• Task input
###

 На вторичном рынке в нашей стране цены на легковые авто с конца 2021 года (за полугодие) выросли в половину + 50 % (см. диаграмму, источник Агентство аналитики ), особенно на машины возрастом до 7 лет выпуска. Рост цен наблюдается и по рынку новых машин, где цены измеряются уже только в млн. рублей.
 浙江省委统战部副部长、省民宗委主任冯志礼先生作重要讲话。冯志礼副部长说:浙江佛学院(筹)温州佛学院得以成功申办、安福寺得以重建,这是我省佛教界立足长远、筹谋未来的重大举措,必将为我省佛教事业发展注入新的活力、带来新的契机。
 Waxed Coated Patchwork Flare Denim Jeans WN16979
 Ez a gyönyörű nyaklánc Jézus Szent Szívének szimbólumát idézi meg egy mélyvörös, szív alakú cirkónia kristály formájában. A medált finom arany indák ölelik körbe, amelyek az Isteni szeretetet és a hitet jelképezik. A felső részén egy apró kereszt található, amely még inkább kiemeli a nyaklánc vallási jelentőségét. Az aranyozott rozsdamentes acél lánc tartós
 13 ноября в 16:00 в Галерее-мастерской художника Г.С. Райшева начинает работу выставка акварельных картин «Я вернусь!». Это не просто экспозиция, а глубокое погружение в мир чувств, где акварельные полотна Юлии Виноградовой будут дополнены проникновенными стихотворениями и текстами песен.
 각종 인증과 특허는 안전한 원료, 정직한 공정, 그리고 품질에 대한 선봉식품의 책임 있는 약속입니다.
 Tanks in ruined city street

###

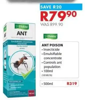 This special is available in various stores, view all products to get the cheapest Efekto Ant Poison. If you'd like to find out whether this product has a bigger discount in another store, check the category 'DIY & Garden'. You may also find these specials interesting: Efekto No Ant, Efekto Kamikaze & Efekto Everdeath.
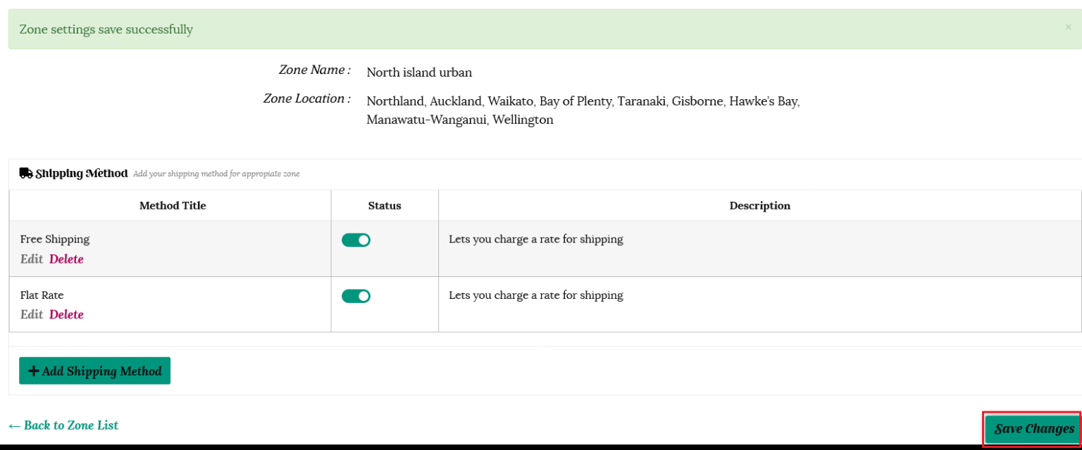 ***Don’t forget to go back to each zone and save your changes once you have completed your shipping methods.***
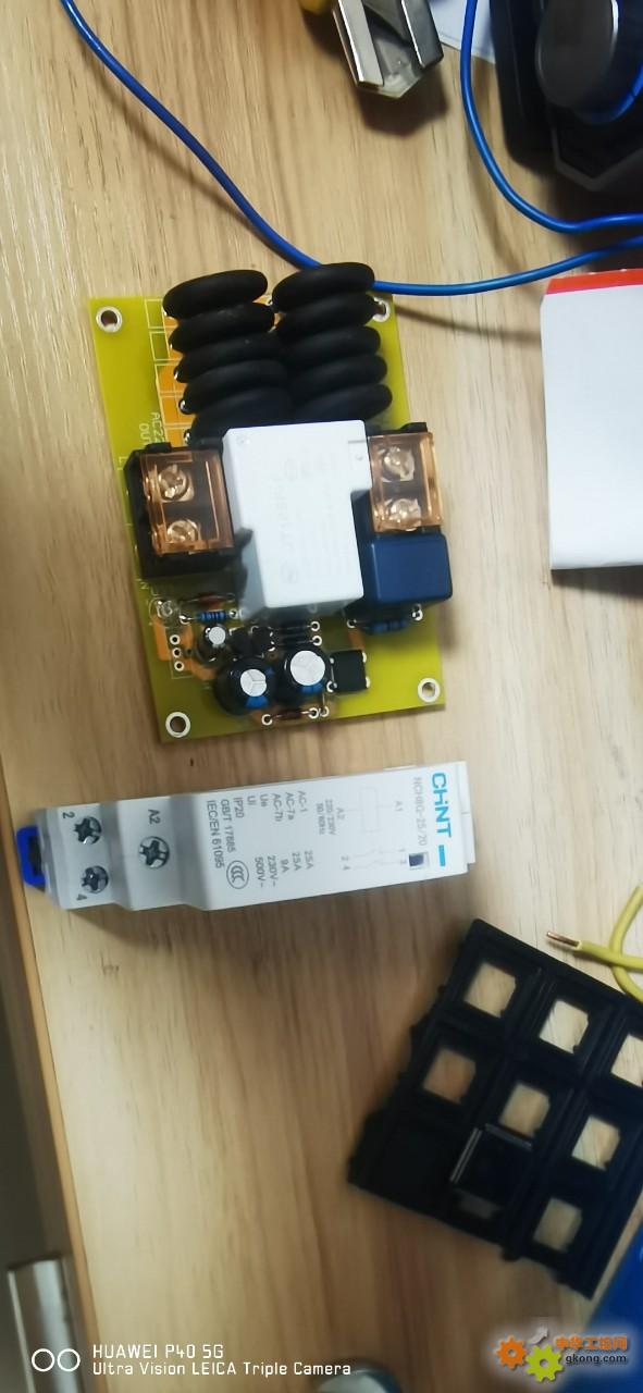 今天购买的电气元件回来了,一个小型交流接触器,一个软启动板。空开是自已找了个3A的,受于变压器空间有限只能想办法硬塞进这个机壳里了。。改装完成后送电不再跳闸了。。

###

In the listing above, the lines from the one containing "13 ноября в" through the one containing "Tanks in ruined city street" must be set down exactly, with no other lines.

 13 ноября в 16:00 в Галерее-мастерской художника Г.С. Райшева начинает работу выставка акварельных картин «Я вернусь!». Это не просто экспозиция, а глубокое погружение в мир чувств, где акварельные полотна Юлии Виноградовой будут дополнены проникновенными стихотворениями и текстами песен.
 각종 인증과 특허는 안전한 원료, 정직한 공정, 그리고 품질에 대한 선봉식품의 책임 있는 약속입니다.
 Tanks in ruined city street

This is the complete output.